Whatever the mystery, one thing remains horribly, undeniably clear – after darkness fell on that cold December day, residents of the Levenhall scheme heard a commotion in the street. When concerned neighbours went to see what was causing the noise, they found Lachlan Doune dancing around a fire on a piece of waste ground, strewn with empty bottles and garbage. While they remonstrated with the agitated youth, barmaid Patricia McLean noticed there was what seemed to be a small human body in the fire. She was right – it was the remains of Nicole Clancy. When scaffolder Archie Bannerman asked Doune what was going on, the youth – seemingly in a trance, or a deranged state – mysteriously said “I can’t explain me to myself”.

At last, Bruce, you managed an accurate quote.  Idly, I checked Amazon on my phone – this book was out of print and unavailable, not even as a “used” version, however much this particular copy had interested somebody. I flicked to the book’s frontispiece – no old-fashioned sheet there with dates of issue, just a barcode.

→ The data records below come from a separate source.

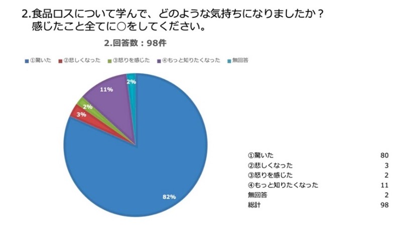 食品ロスの学びに関しては、現状に対して「驚いた」という回答がとても多くありました。食品ロスを数値的にわかりやすく伝えたことで、子どもたちの自分ゴトとなり、食品ロスの現状に対して素直な感想が見られました。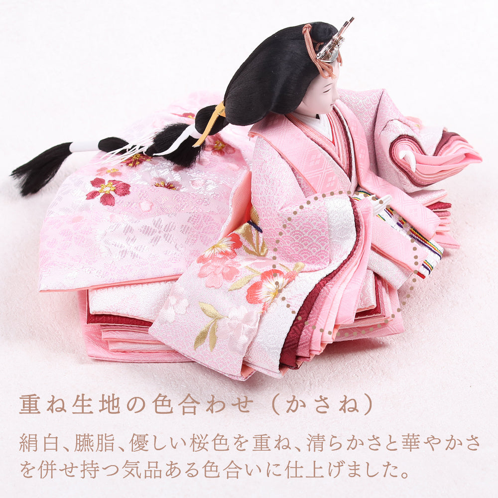 国産の栓(せん)は、美しい木目と温もりある質感が魅力の天然木です。耐久性に優れ、経年とともに味わいを深めます。台座や屏風などに使用することで、自然素材ならではの落ち着いた風合いと上質感を演出し、雛人形全体をより品格ある印象に仕上げます。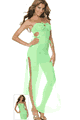 胸元、背中が大きく開いたセクシーなロングドレスとG−Stringパンティのセット。ドレスは首の後ろで紐を結んでとめるホルタースタイル。胸元のシルバーリングがポイントです。100% Polyester。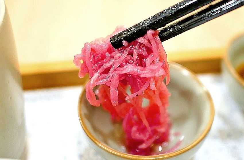 店家手工醃製洛神.很天然,完全無添加任何色素吃起來清爽又涮嘴.搭配著雞湯配著吃,很不錯!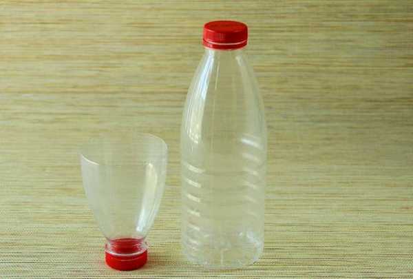 От пустой пластиковой бутылки, например из-под молока, отрезаем горлышко, которое послужит нам формой для создания ножки гриба.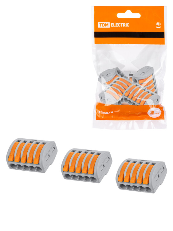 Применение:Для присоединения и ответвления до 5 одножильных проводников сечением от 0,1 мм до 2,5 мм и многожильных медных проводников сечением от 0,1 мм до 4 мм в электрических цепях переменного тока с частотой 50Гц напряжением до 380В. Материалы:Корпус - самозатухающий ПВХКонтактная группа - электротехническая стальПреимущества:Быстрый монтаж и демонтаж проводников без дополнительных инструментовСоздают надежное соединение медных многожильных и одножильных проводников от 0,1 до 2,5 мм2.Благодаря утопленному рычажку исключено случайное отключение при монтаже в тесном пространстве.Обеспечивают безопасность и порядок в распределительной коробке.Имеют тестовое отверстие для возможности измерения электрических параметров без разбора и нарушения изоляции соединения. Назначение:Монтаж проводников в распределительной коробке, подключение светильников и другого оборудования. 0:
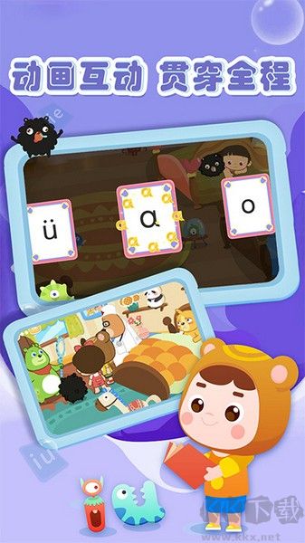 3、【創(chuàng)意拼音形象】精心設(shè)計了63個可愛的拼音小怪物,每個字母都有獨特造型,幫助孩子輕松記憶拼音字形和發(fā)音,學習更有趣。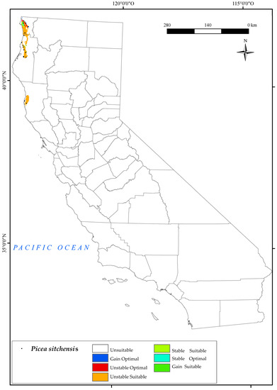 This species is associated with Sequoia sempervirens Endl. in some parts of its distribution [81]. Sitka spruce exhibits a wide range of variation in adaptive traits and has shown a high capacity to respond to selection and adapt to past climate change along the Pacific coast of North America [121].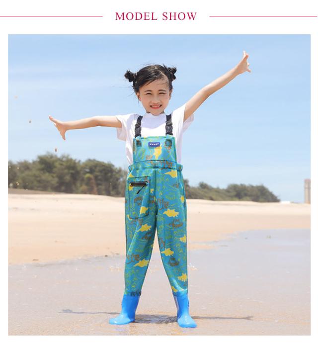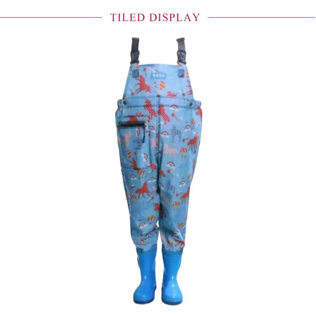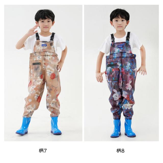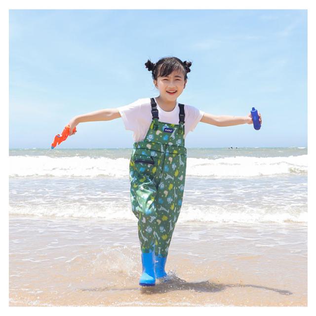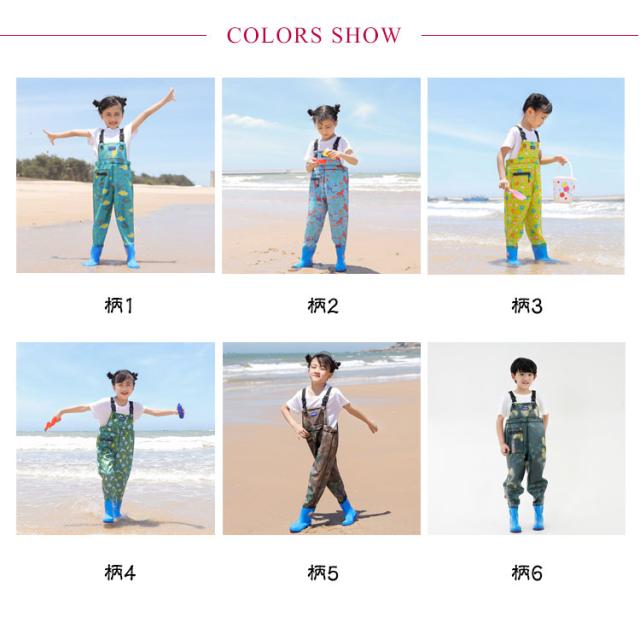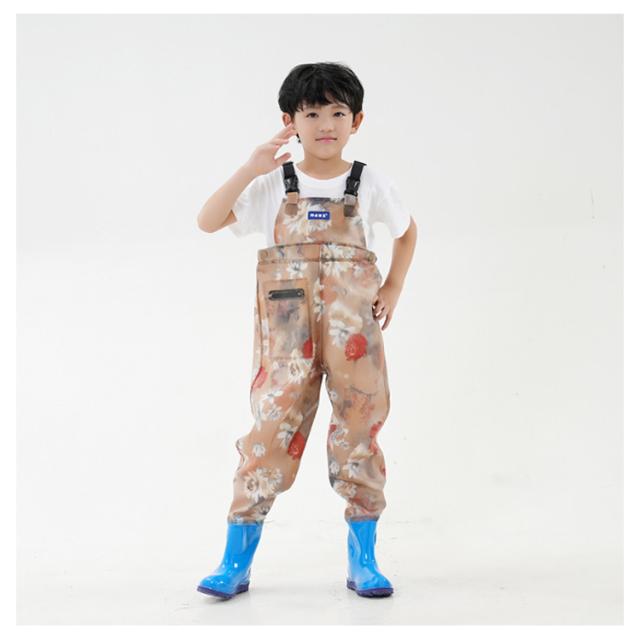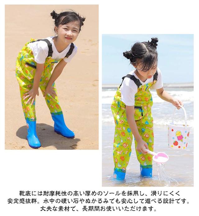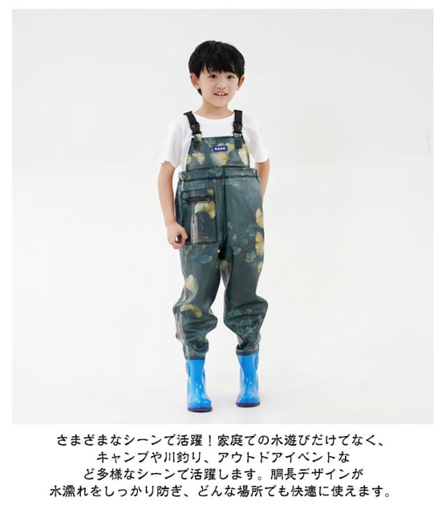 長靴付き 子供用 ブーツ付き 海 田んぼ 胴長 レインパンツ ウェーダー 胴付き長靴 総柄 水遊び 男の子 女の子 かわいい ウェーダー 川 長靴付き プレイウェア 遊び 釣り 潮干狩り お砂場着 防水 軽量 ポケット付き 雨の日 梅雨 通学 雨具 【送料無料】

I went to the issue desk and waved the book at the neckbeard tickling his keyboard there, as if I’d discovered it...

Friday, 8 November 2013

Calling Jesus

There was no name on the door, but there were on the others, and none of them was Clancy. I chapped the splintery surface and waited.

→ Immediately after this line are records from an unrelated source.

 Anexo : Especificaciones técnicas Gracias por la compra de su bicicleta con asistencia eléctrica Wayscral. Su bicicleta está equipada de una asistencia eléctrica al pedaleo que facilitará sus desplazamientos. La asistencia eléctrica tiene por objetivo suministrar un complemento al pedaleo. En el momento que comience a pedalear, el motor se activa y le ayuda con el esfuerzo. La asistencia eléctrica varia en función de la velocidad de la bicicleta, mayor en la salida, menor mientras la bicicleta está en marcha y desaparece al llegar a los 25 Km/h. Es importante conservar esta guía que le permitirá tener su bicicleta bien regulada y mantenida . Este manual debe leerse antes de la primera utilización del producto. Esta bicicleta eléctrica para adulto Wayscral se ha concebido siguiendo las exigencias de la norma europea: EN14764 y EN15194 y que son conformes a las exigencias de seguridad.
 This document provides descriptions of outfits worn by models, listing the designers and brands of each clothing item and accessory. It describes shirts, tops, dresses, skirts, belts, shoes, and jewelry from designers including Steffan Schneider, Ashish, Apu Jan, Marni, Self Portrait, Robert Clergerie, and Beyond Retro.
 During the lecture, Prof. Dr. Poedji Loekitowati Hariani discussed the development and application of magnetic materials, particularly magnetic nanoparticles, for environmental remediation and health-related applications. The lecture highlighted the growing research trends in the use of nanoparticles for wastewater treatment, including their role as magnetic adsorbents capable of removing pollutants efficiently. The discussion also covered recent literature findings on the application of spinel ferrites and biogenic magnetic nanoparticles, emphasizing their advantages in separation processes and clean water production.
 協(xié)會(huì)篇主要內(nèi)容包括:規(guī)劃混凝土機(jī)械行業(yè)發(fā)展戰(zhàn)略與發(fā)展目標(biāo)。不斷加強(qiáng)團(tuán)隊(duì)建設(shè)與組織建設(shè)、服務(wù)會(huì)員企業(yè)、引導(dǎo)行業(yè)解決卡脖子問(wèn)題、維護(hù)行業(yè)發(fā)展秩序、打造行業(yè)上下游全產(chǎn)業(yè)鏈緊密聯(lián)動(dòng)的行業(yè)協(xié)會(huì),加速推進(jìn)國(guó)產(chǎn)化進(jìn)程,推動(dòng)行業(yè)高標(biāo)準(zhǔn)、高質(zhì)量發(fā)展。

No answer. Inside, I could hear the television, canned laughter and whooping. I knocked again, the door juddering under the rap….the TV was still the only sound. I bent down and shouted through the letterbox. “Taxi for Clancy!” Inside, vague bumps and clicks. The door was opened in slow-motion by a woman with no outline, a shape you couldn’t pour custard into. She spoke in the same halting freeze-frame style.
“I never phoned a taxi. Must be a mistake.”

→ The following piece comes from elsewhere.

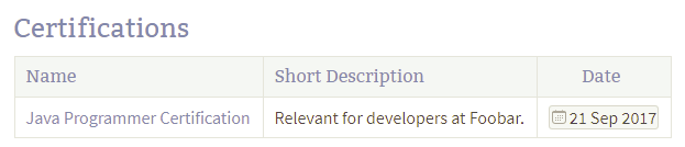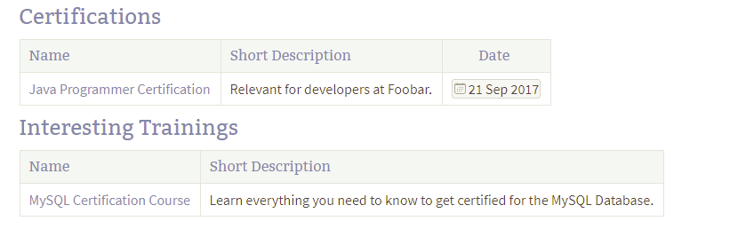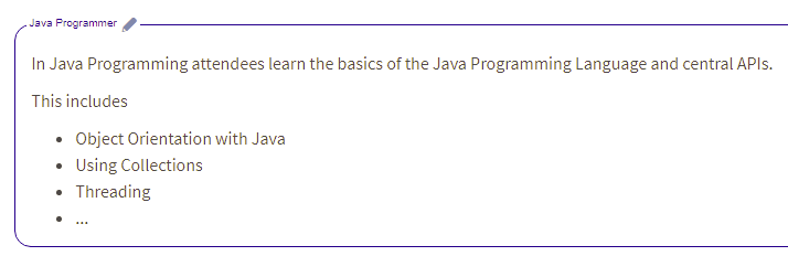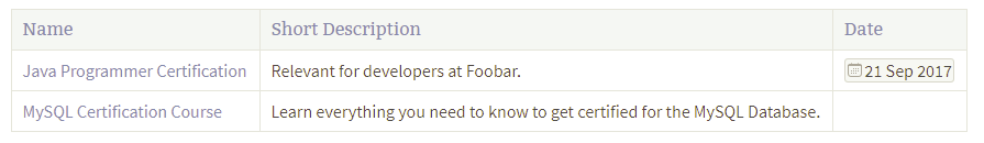 The courses could themselves link to skills they provide for the attendees. For this show case we simply lists skills (if any) as bullet lists.

“You answered to Clancy, but.”
“I’m no’ goin’ anywhere.”
“Aye, I know. My name’s Stephen McCabe, by the way. Here’s a letter from a lawyer, says why I’m really here. Can I come in?”
“Eh? I canny…whit is it ye want?”
“Somebody left you money in their will, except the money seems to have taken a walk. I want to talk to you about that.”
“Canny be arsed.”
“Are you listening to me? I said, there could be money in this for you – a lot of money, actually.”
“Whit do I have to do?”
“Let me come in and talk to you – deal?”
Linda Clancy’s living room was definitely well on the upside of average for a single woman presumably living on welfare benefits, absent the junkie hallmarks of no carpet, two weeks’ worth of takeaway containers piled askew, drug paraphernalia, grim odours and unfathomable dirt. It was, in fact, clean, tidy and decorated sometime this century, furnished with Sweden’s finest flatpacks and Scotland’s tartan-est fabrics. The one startling item was a 54-inch Samsung plasma, but that was hardly uncommon and it didn’t constitute evidence that Linda was wallowing in the delights of a Cayman bank account.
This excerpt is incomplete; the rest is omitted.